Ironically Ackman’s Pershing Square hedge fund reportedly has 30% invested in VRX. He is the same guy that aggressively shorted Herbalife (HLF) on which he also lost a fortune. What goes around, comes around. There are 131 hedge funds holding about 32% of VRX stock, herding maybe?

EEFT, Euronet

eeft oct 30 2015

This company has been around since the late eighties and has it’s origins in Hungary of all places all though it is incorporated in the US. A good part of it’s business involves money transfers and FX transaction. It got a solid boost when it was able to muscle out Western Union (WU) and Moneygram (MCI) from their partnership position with Wallmart in 2014. If this sort of stuff tickles you pink then buying these shares in the past year or two would have netted you 1 to 2x your money back plus the original investment, compared to perhaps losing it all.

   We do not like the stock anymore. 1. we are in the pure vertical stage, 2. it is possible to count a clear 5 wave move up from the lows of 2009, 3. the RSI is once again approaching the 80% level, 4. even though we are not quite there yet this stock is doing a heroic Mnt.

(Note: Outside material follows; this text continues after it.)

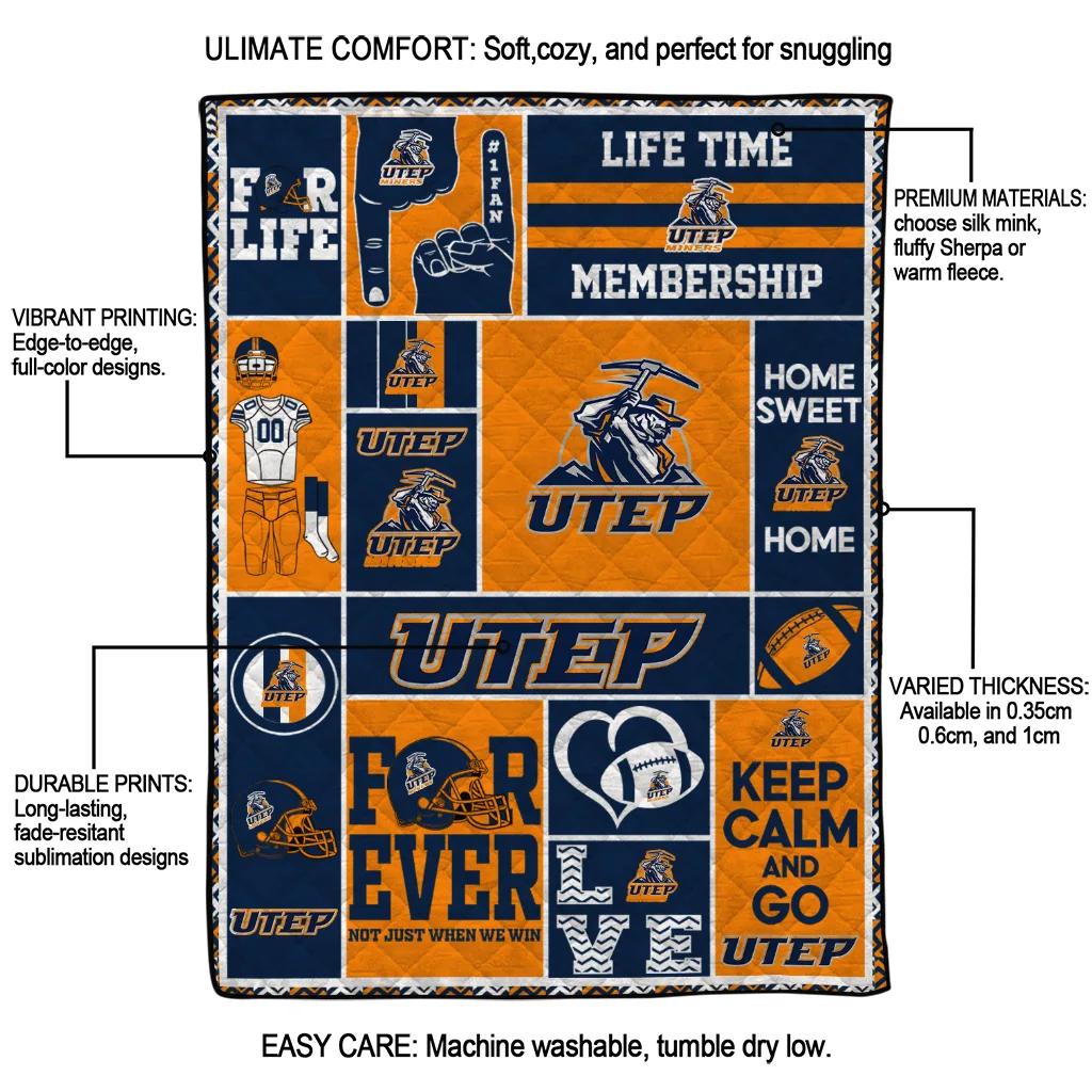 Wrap yourself in warmth and pride with the Customized UTEP Miners Helmet Passion Blue Quilt Blanket from the UTEP Miners Blankets collection at Yes That Blanket. Made from 100% premium quilting-weight polyester blended with a touch of microfiber, this quilt offers a smooth, soft finish you’ll love. Choose between two quilting styles—Stipple or Diagonal—and enjoy the comfort of a cotton-filled layer inside that adds extra coziness for every season. The border is available in classic black or white, giving your design a clean, timeless edge.
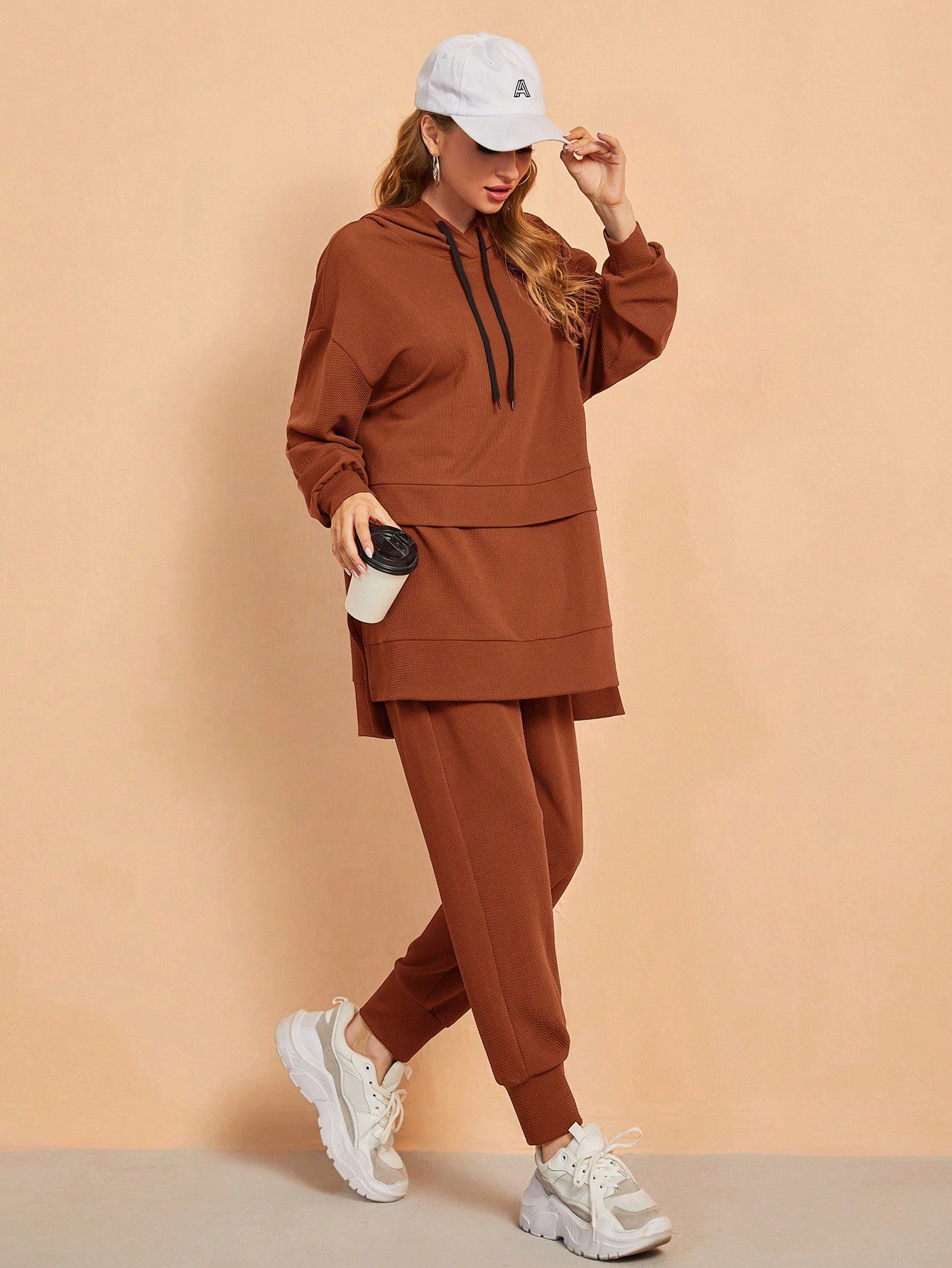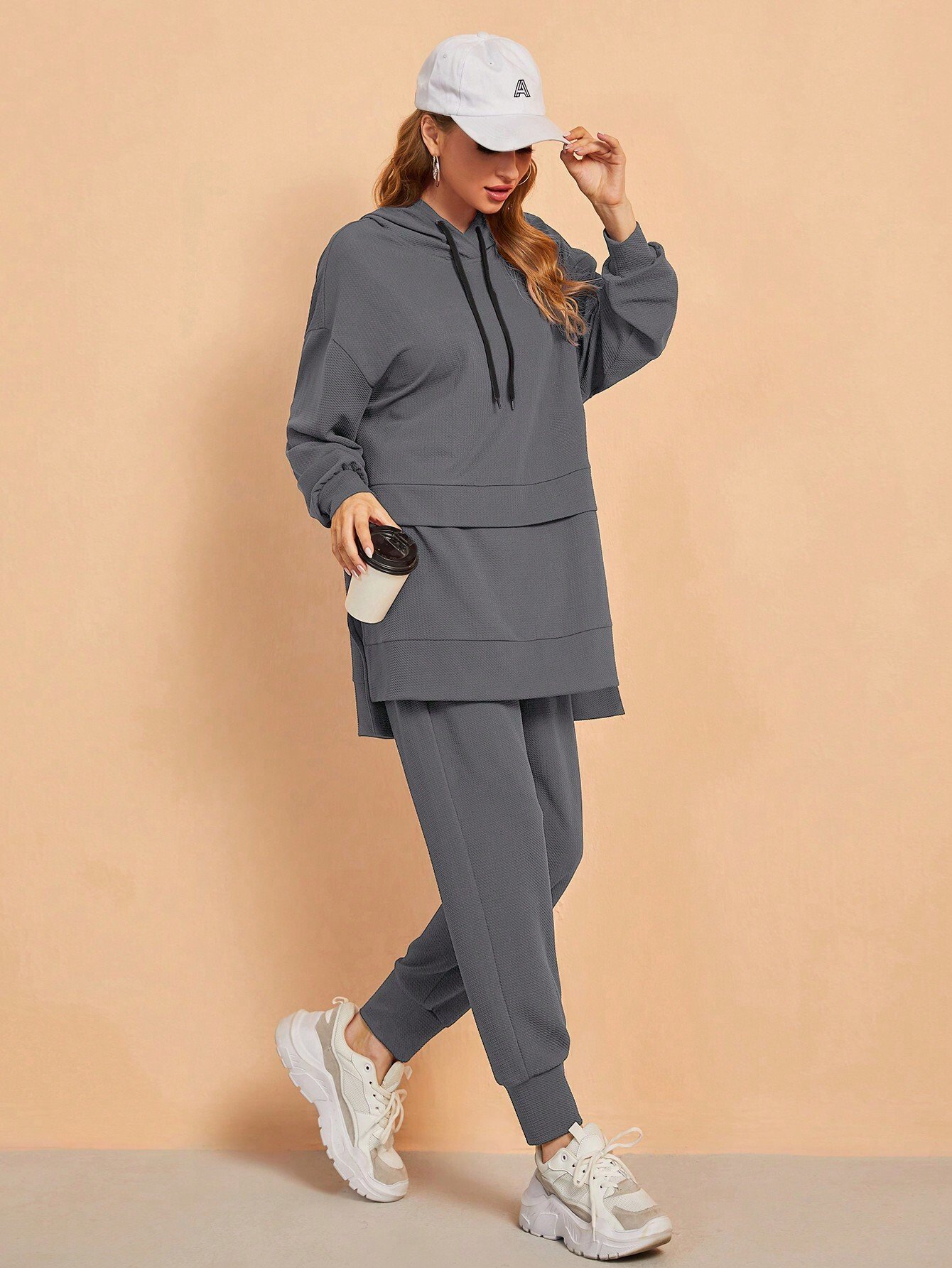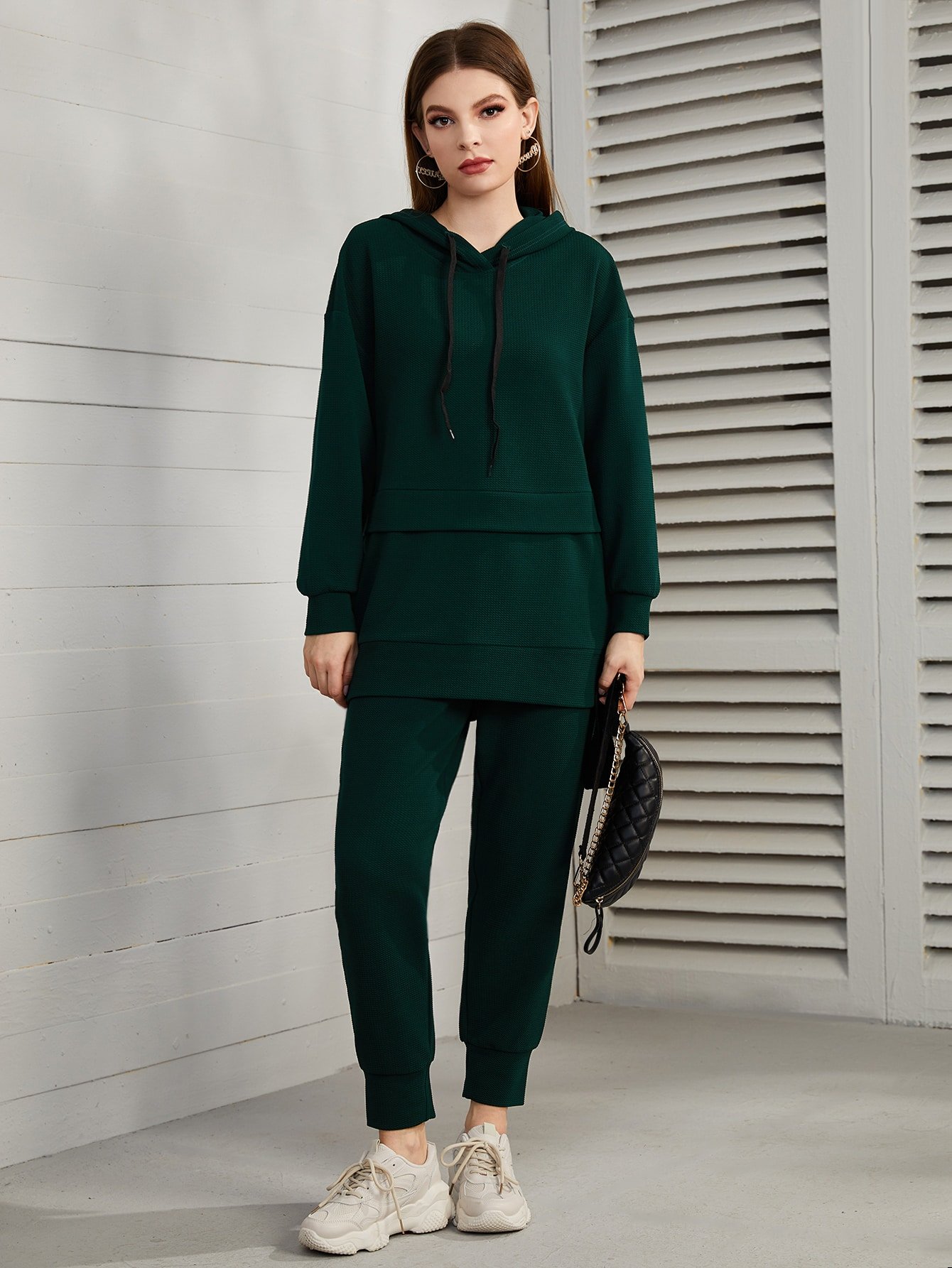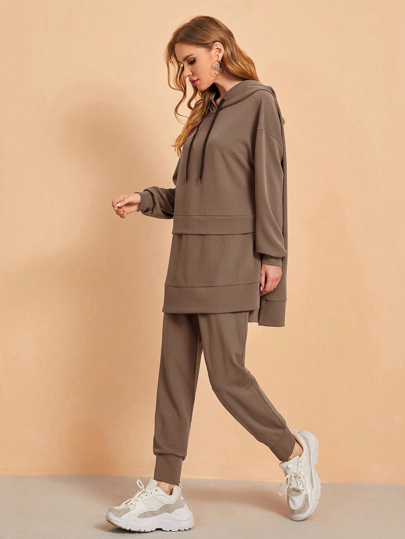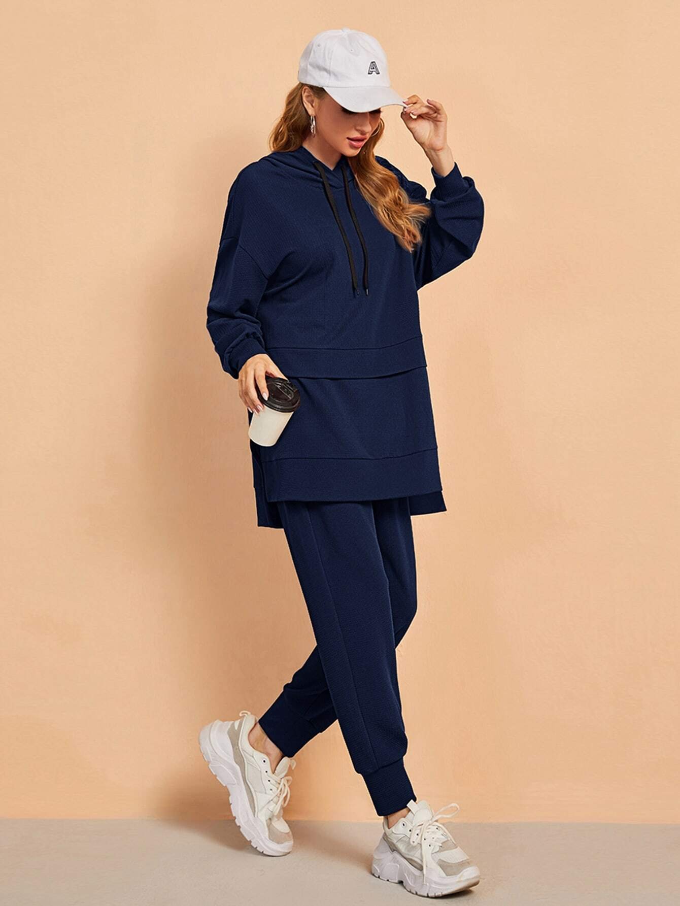 SHEIN Mulvari 2pcs/Set Women Casual Simple Solid Color Sports Hoodie And Drawstring Waist Pants, Loose Fit For Autumn 2 Piece Set

Everest climb which would ideally take the stock to 100 but not necessarily, 5. the p/e is trading at a lofty 46x, about 3x the norm, 6. the business is quickly becoming commoditized. Every Tom, Dick and Harry is getting into the business and there were already too many players.

Definitely a sell here and certainly anywhere between here and $100. A reasonable first target is either $45 or $36 or so.

Note: We are confident that 5 waves up are complete or nearly so. Even so we are open to the idea that wave 4 might have occurred a little later in the sequence than shown, that is starting at $55. This would become more compelling in the event that the stock does, in fact, manage to climb to $100.

GPRO update

The usual then, April 29, 2015, and now charts;

GPRO april 29 2015GPRO oct 29 2015

We were asleep again and did not look at this stock. See our previous blog. Recently we got the rebound level in both the Dow and the S&P dead wrong so it is heart warming that we did get this one right. That is so far at least. The then suggested target of $24 may, however, be way too high. $5 is a possibility if both A and C legs become equal in size. It appears that we are in a 5th wave of C which should take the stock to about $20 as a minimum. Time will tell.